Two paths are to each mortal shown;
Lord, guide me in the narrow one.

As if stung by a serpent, Ada started up, wrenched herself by a sudden movement from Karl’s clasping arms, and hastened away as though pursued by all the fiends of hell. A moment later, her white figure had vanished in the castle and Karl found himself alone before the grassy bank; he might have believed it a dream if the mantilla had not still lain there exhaling Ada’s favourite perfume, a faint fragrance of carnations.

With heavy, dulled brain, aching limbs, and a strange sense of pain in his heart, Karl staggered back to the castle and to his room. For a long time sleep fled from him. A thousand scenes hovered in a confused throng before his fancy, blending into a witch-dance in whose mazes his own brain seemed to whirl also, until the giddiness became intolerable. He saw Ada in various transformations—now seated opposite to him at the table—then in the drawing-room—anon clasped in his arms—sometimes brightly illuminated as the queen of the ball-room—sometimes a faint, dark vision against the sombre background of the woodland—he inhaled her favourite perfume, felt the touch of her arms and her lips—he heard her voice and the melancholy music of the night watchman and the notes of the dancing tune from the ballroom, and amid these exciting delusions of the senses a restless, dream-haunted slumber at last overtook him.

* * * * * *

It was almost noon when he awoke. At first his head felt confused and empty, but gradually he collected his thoughts, and now the experience of the previous night again stood clearly before his eyes. He suddenly recalled all his feelings during the walk through the woods, and, while dressing with the utmost haste, he exultingly repeated in a low tone again and again: "I love her! And she returns my love! And we will never part."
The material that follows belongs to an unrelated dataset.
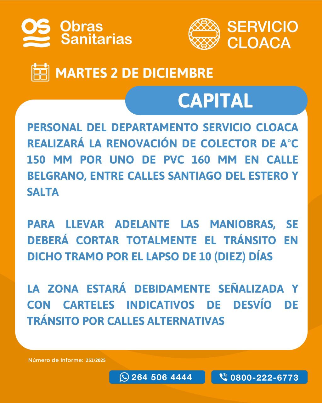 A partir del martes 2 de diciembre, se iniciarán trabajos de renovación de la red de cañerías en calle Belgrano, en el tramo comprendido entre Santiago del Estero y Salta.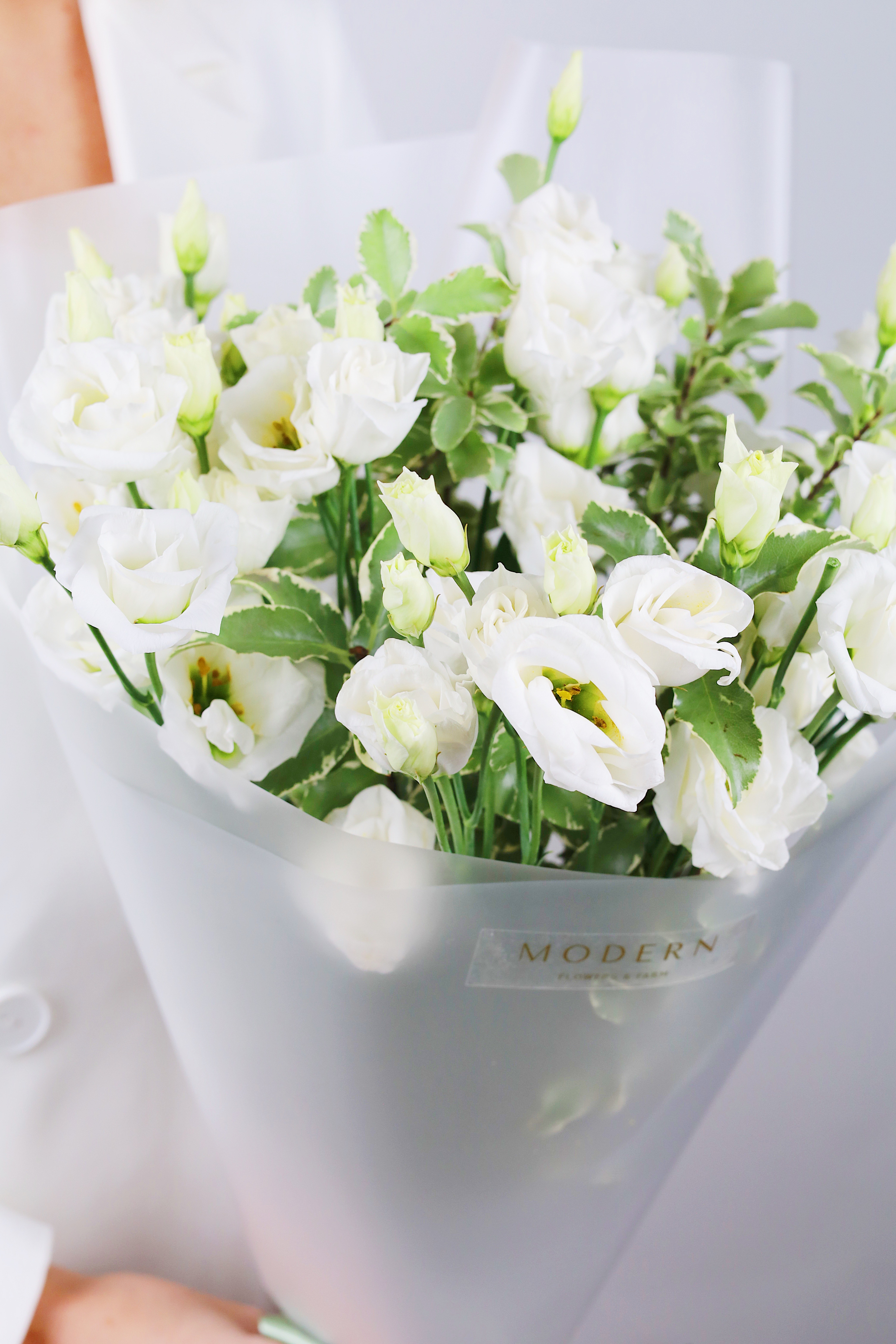 —ЭЛЕГАНТНЫЙ БУКЕТ С ЛИЗИАНТУСОМ И ЗЕЛЕНЬЮ

His first thought was to seek Ada. The mantilla, which he must return, afforded the pretext. After several inquiries he found her apartments, which were next to those occupied by the mistress of the house. Ada’s maid opened the door and looked at him in surprise when he gave her the package and asked if he could see Mrs. Burgess.
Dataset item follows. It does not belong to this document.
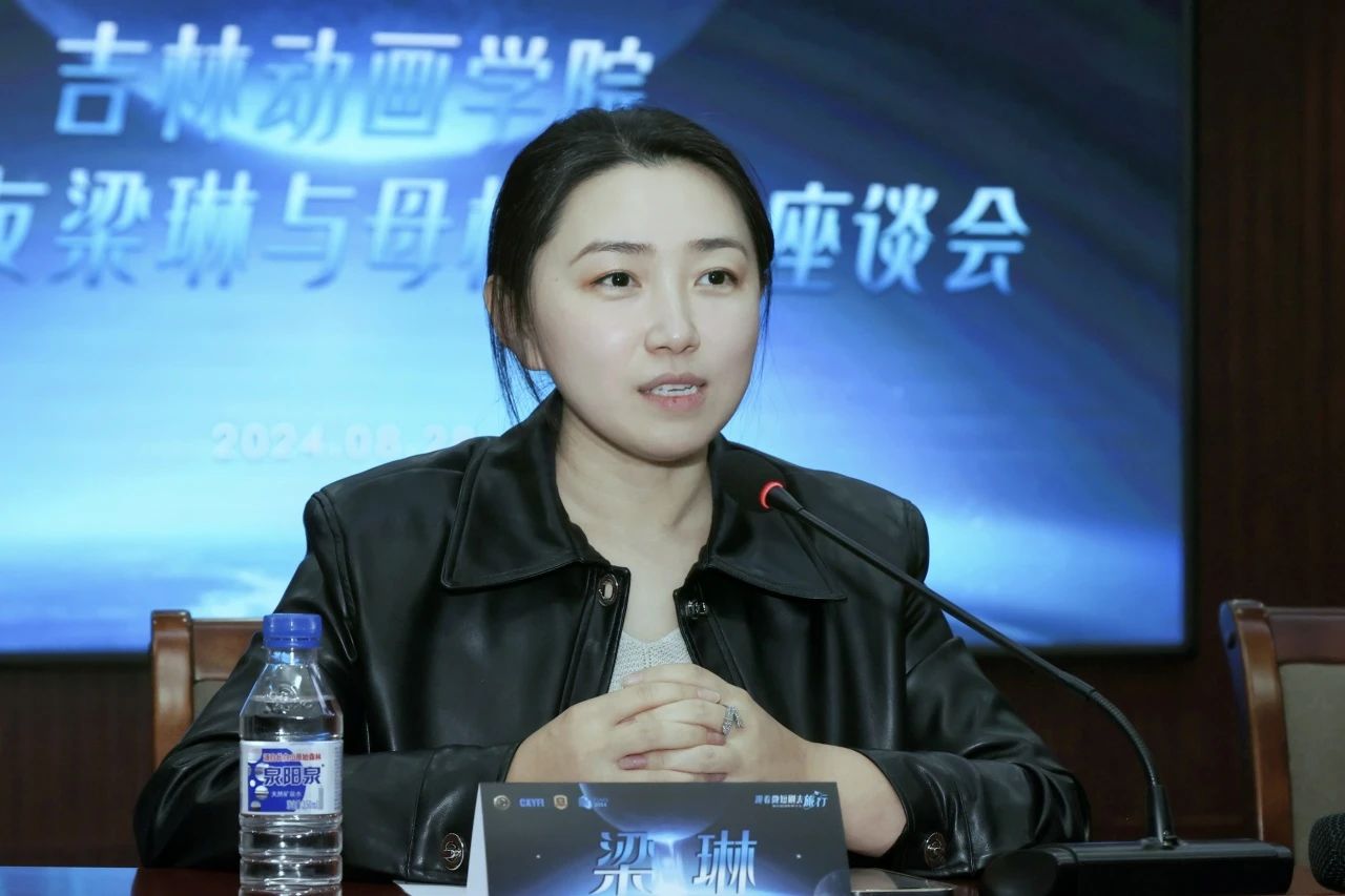 座谈会上,梁琳首先分享了自己的学习经历,回忆了在母校的生活点滴。她为学校的发展与取得的成就表示骄傲和自豪,对在校的学弟、学妹们拥有现阶段优质的学习环境及氛围表示羡慕。她结合亲自担任制片人的代表作电影《悬崖之上》,解析了影视创作、拍摄、制作全过程。她说,剧本创作不能盲目追风,好的切入点是剧本创作成败关键;拍摄中困难种种,但搭景是一大难题。重点提到影片中的“哈尔滨大街”影造其实是在山西大同的一片荒地上重新搭建的。作为制片人要全面统筹影片商业运营的成本控制,她亲力亲为,带领团队以片场为家“一点点去学、一点点去抠”,和工人一起铸就了美轮美奂的影视场景,为影片最后精彩呈现夯实了基础。梁琳表示,勤学与务实是影视工作最需具备的品质,未来也将是成就你影视职业生涯路上的一种难得的、宝贵的品质。

"She has a headache, and probably won’t be up to-day," was the curt answer, with which the door was closed in his face. This was a disappointment, and he felt very unhappy and forsaken. Yet he endeavoured to combat these feelings and mingled with the other guests. At noon he exchanged a hurried greeting with Frau Von Jagerfeld, who looked at him intently, but said nothing when he avoided her glance. In the afternoon he walked to Marktbreit and through the villages on the neighbouring hills, but the longing of his heart soon drove him back to the castle, where for hours he paced patiently up and down the pillared hall upon which most of the rooms occupied by the visitors opened. In the evening the guests again assembled at a banquet. Bergmann hoped that Ada would be present, and he was not disappointed. The summons to the meal had been given for the third time, nearly all the other members of the house-party were in the drawing-room when Ada’s door at last opened. Karl rushed forward and held out his hand to her. She started, paused an instant on the threshold, then hurried past him without turning her head, and swiftly vanished.
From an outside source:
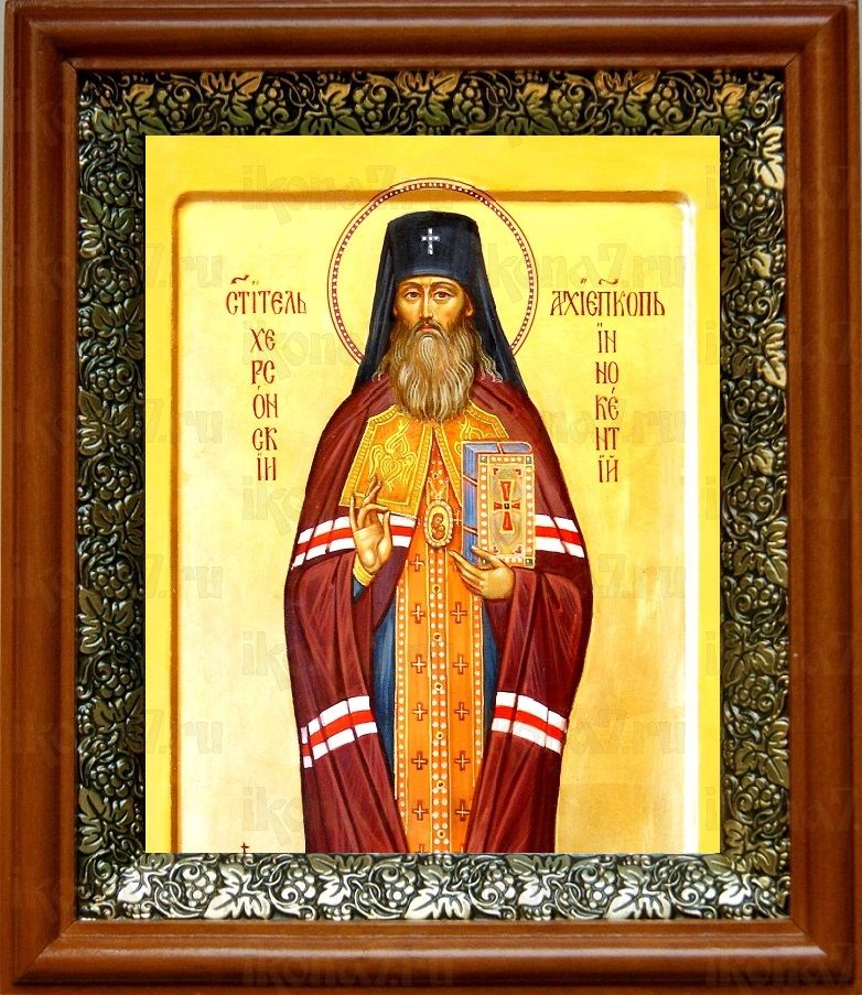 Икона Иннокентий Херсонский в киоте с басмой Виноградная Лоза (UV-печать)(30432)

Karl stood as if he were turned to stone, gazing after her retreating figure; then forgetting the banquet and everything else, he hastened to his room and wrote Ada a letter, in which he repeated all the expressions of love lavished upon her during the preceding night, and begged for an explanation of her recent conduct. This missive he gave to Ada’s maid, with the urgent request to deliver it to her mistress that very evening before she retired. Then he went out to try to conquer his agitation by a walk in the park, and when he thought that he had regained his composure, he returned to the drawing-room to see and to talk with Ada. The meal was over, gaiety reigned throughout the various groups, and a storm of reproaches for his absence from the table assailed him on all sides. But he looked in vain for Ada. She had retired immediately after dinner.